**Task to complete**
This exercise calls for retyping every line below exactly, with the images omitted.

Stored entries
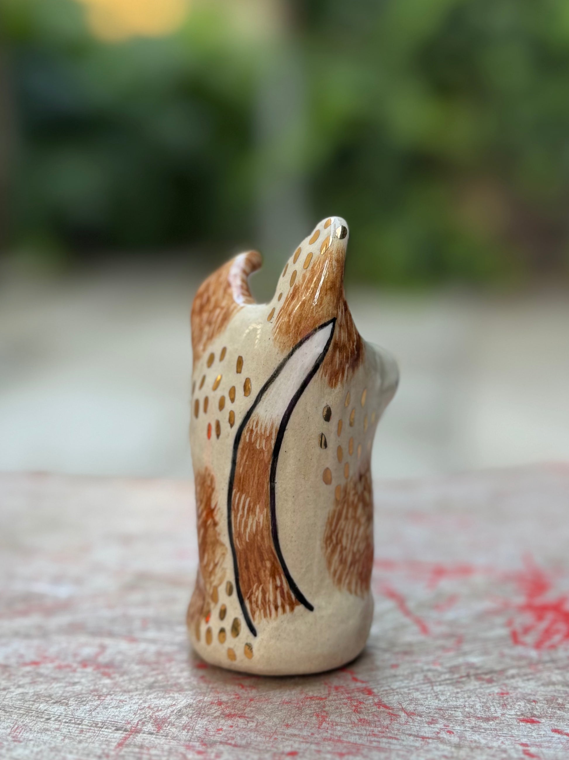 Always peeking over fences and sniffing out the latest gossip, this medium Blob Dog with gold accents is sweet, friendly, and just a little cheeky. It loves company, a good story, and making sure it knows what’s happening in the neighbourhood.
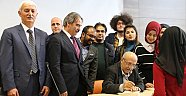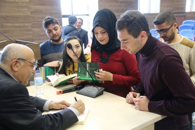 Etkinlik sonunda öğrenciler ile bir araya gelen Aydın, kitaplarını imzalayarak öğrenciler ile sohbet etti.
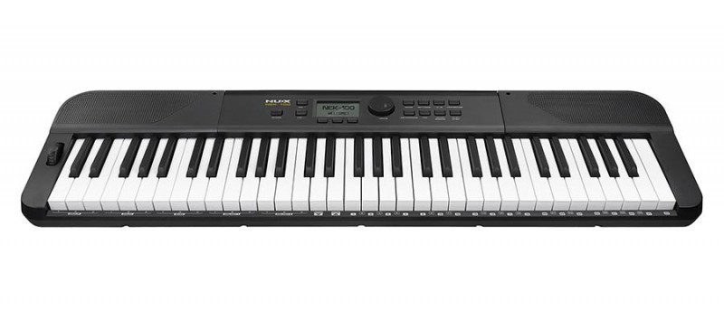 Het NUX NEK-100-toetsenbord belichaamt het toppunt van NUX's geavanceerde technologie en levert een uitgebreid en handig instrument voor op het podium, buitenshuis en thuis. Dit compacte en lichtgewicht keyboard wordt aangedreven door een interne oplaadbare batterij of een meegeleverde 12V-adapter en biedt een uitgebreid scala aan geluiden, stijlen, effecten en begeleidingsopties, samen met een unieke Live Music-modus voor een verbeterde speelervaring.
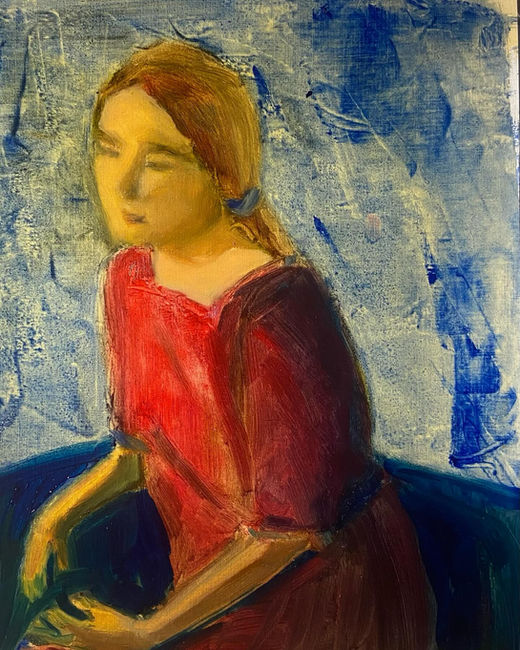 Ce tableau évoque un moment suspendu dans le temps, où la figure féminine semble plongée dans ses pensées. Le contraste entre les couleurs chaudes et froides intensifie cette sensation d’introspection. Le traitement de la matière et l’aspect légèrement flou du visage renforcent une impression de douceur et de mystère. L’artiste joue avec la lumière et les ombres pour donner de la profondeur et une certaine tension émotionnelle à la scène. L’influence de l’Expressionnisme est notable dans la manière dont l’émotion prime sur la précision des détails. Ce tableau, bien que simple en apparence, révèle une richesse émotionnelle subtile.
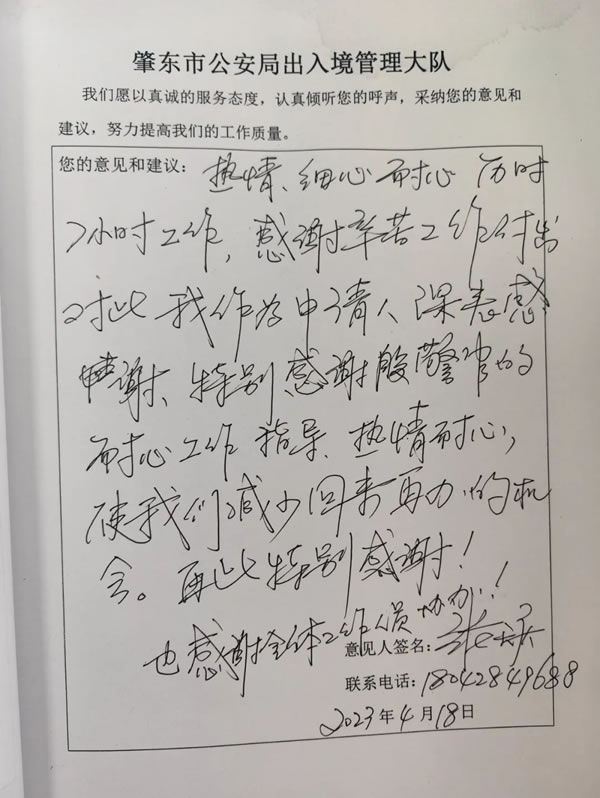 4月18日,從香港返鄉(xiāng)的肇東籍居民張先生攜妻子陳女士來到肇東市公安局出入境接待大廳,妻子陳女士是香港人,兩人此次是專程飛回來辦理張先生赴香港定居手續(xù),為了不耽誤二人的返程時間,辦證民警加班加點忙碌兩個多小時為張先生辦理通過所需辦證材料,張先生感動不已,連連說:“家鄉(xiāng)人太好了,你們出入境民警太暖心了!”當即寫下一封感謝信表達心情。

**Answer to this exercise**
 Always peeking over fences and sniffing out the latest gossip, this medium Blob Dog with gold accents is sweet, friendly, and just a little cheeky. It loves company, a good story, and making sure it knows what’s happening in the neighbourhood.
 Etkinlik sonunda öğrenciler ile bir araya gelen Aydın, kitaplarını imzalayarak öğrenciler ile sohbet etti.
 Het NUX NEK-100-toetsenbord belichaamt het toppunt van NUX's geavanceerde technologie en levert een uitgebreid en handig instrument voor op het podium, buitenshuis en thuis. Dit compacte en lichtgewicht keyboard wordt aangedreven door een interne oplaadbare batterij of een meegeleverde 12V-adapter en biedt een uitgebreid scala aan geluiden, stijlen, effecten en begeleidingsopties, samen met een unieke Live Music-modus voor een verbeterde speelervaring.
 Ce tableau évoque un moment suspendu dans le temps, où la figure féminine semble plongée dans ses pensées. Le contraste entre les couleurs chaudes et froides intensifie cette sensation d’introspection. Le traitement de la matière et l’aspect légèrement flou du visage renforcent une impression de douceur et de mystère. L’artiste joue avec la lumière et les ombres pour donner de la profondeur et une certaine tension émotionnelle à la scène. L’influence de l’Expressionnisme est notable dans la manière dont l’émotion prime sur la précision des détails. Ce tableau, bien que simple en apparence, révèle une richesse émotionnelle subtile.
 4月18日,從香港返鄉(xiāng)的肇東籍居民張先生攜妻子陳女士來到肇東市公安局出入境接待大廳,妻子陳女士是香港人,兩人此次是專程飛回來辦理張先生赴香港定居手續(xù),為了不耽誤二人的返程時間,辦證民警加班加點忙碌兩個多小時為張先生辦理通過所需辦證材料,張先生感動不已,連連說:“家鄉(xiāng)人太好了,你們出入境民警太暖心了!”當即寫下一封感謝信表達心情。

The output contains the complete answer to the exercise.